→ **To do**
Copy out the lines beginning at the one with "---- Reported by" and ending at the last line of the data, both included; pictures stay out.

==== Provided data ====

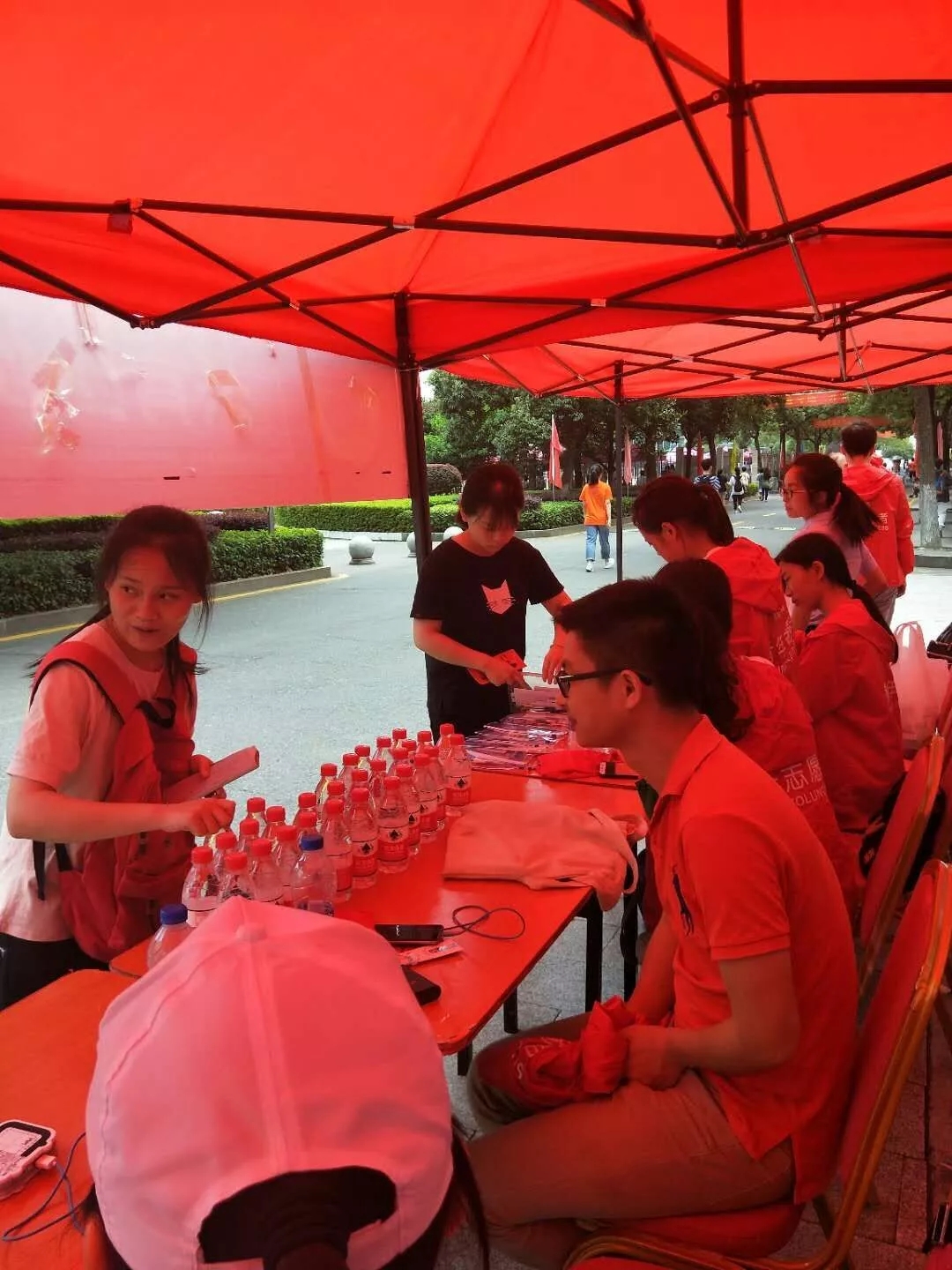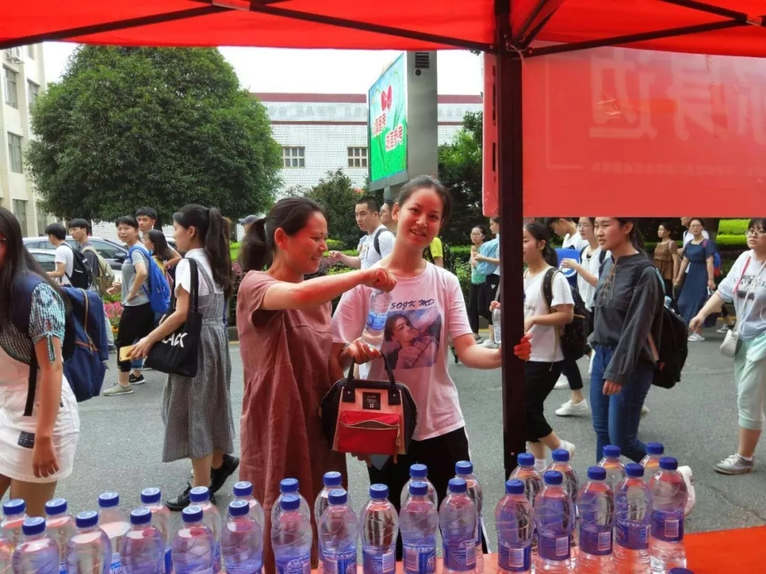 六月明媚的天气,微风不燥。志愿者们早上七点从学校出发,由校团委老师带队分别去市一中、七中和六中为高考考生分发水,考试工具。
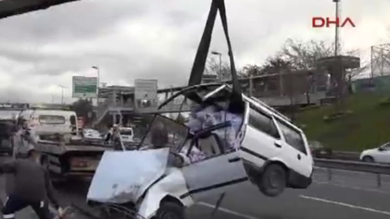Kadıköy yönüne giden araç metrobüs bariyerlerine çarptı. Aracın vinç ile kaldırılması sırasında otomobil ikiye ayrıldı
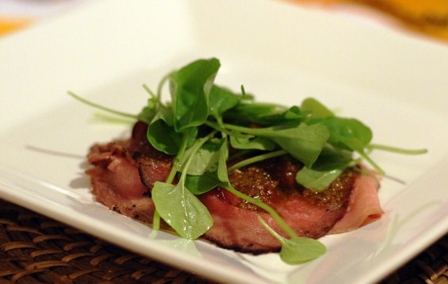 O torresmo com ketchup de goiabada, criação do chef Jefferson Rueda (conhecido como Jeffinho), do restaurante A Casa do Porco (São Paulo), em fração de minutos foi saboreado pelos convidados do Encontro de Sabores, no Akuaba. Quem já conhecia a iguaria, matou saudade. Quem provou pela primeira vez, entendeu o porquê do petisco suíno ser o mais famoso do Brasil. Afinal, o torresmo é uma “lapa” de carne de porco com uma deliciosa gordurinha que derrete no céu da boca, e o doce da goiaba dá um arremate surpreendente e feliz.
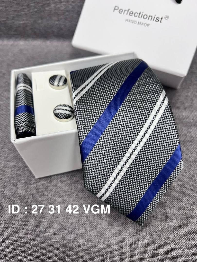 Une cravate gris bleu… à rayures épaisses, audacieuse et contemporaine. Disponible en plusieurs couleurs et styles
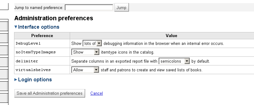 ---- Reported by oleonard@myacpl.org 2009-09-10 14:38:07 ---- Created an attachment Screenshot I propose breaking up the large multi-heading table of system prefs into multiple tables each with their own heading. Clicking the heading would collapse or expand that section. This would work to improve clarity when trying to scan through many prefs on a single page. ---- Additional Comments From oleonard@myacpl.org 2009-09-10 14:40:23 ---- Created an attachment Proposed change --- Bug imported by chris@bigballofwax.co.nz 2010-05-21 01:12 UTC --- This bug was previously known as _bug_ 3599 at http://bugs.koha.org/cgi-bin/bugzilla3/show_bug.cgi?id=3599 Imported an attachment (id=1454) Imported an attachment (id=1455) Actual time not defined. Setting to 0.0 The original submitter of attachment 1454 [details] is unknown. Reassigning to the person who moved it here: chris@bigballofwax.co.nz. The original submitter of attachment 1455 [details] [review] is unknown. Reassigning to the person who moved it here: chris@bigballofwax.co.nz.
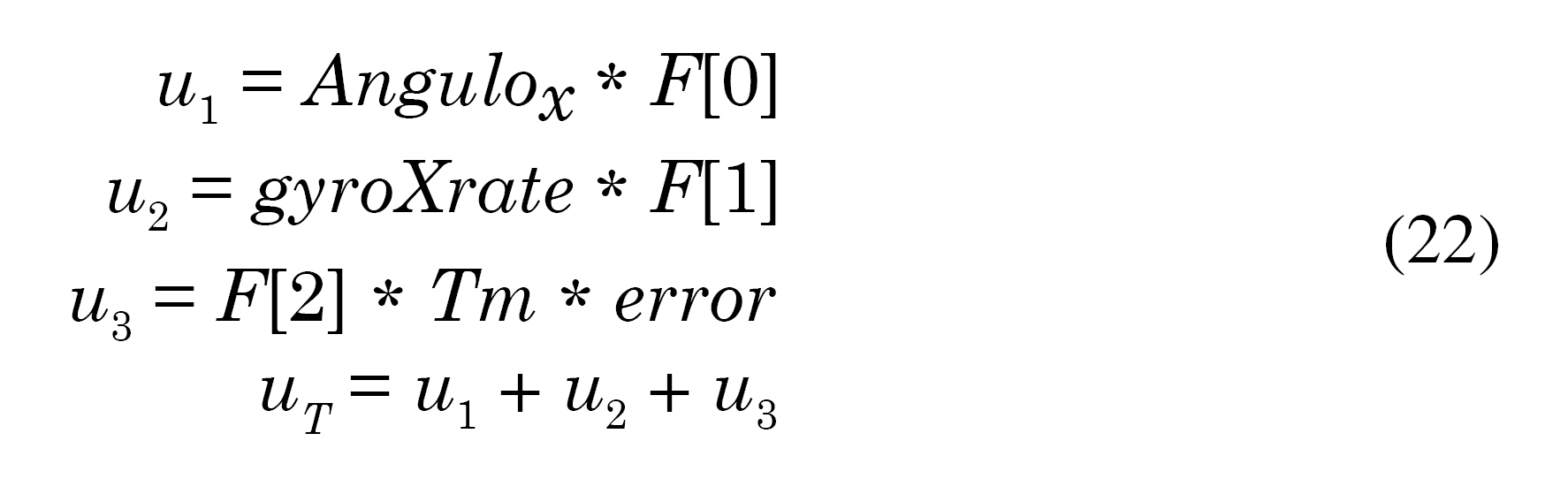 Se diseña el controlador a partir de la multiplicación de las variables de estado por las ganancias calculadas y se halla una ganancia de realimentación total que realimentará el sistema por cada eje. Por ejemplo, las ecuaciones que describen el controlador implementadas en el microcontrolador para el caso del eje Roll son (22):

====

→ **Solution to this problem**
 ---- Reported by oleonard@myacpl.org 2009-09-10 14:38:07 ---- Created an attachment Screenshot I propose breaking up the large multi-heading table of system prefs into multiple tables each with their own heading. Clicking the heading would collapse or expand that section. This would work to improve clarity when trying to scan through many prefs on a single page. ---- Additional Comments From oleonard@myacpl.org 2009-09-10 14:40:23 ---- Created an attachment Proposed change --- Bug imported by chris@bigballofwax.co.nz 2010-05-21 01:12 UTC --- This bug was previously known as _bug_ 3599 at http://bugs.koha.org/cgi-bin/bugzilla3/show_bug.cgi?id=3599 Imported an attachment (id=1454) Imported an attachment (id=1455) Actual time not defined. Setting to 0.0 The original submitter of attachment 1454 [details] is unknown. Reassigning to the person who moved it here: chris@bigballofwax.co.nz. The original submitter of attachment 1455 [details] [review] is unknown. Reassigning to the person who moved it here: chris@bigballofwax.co.nz.
 Se diseña el controlador a partir de la multiplicación de las variables de estado por las ganancias calculadas y se halla una ganancia de realimentación total que realimentará el sistema por cada eje. Por ejemplo, las ecuaciones que describen el controlador implementadas en el microcontrolador para el caso del eje Roll son (22):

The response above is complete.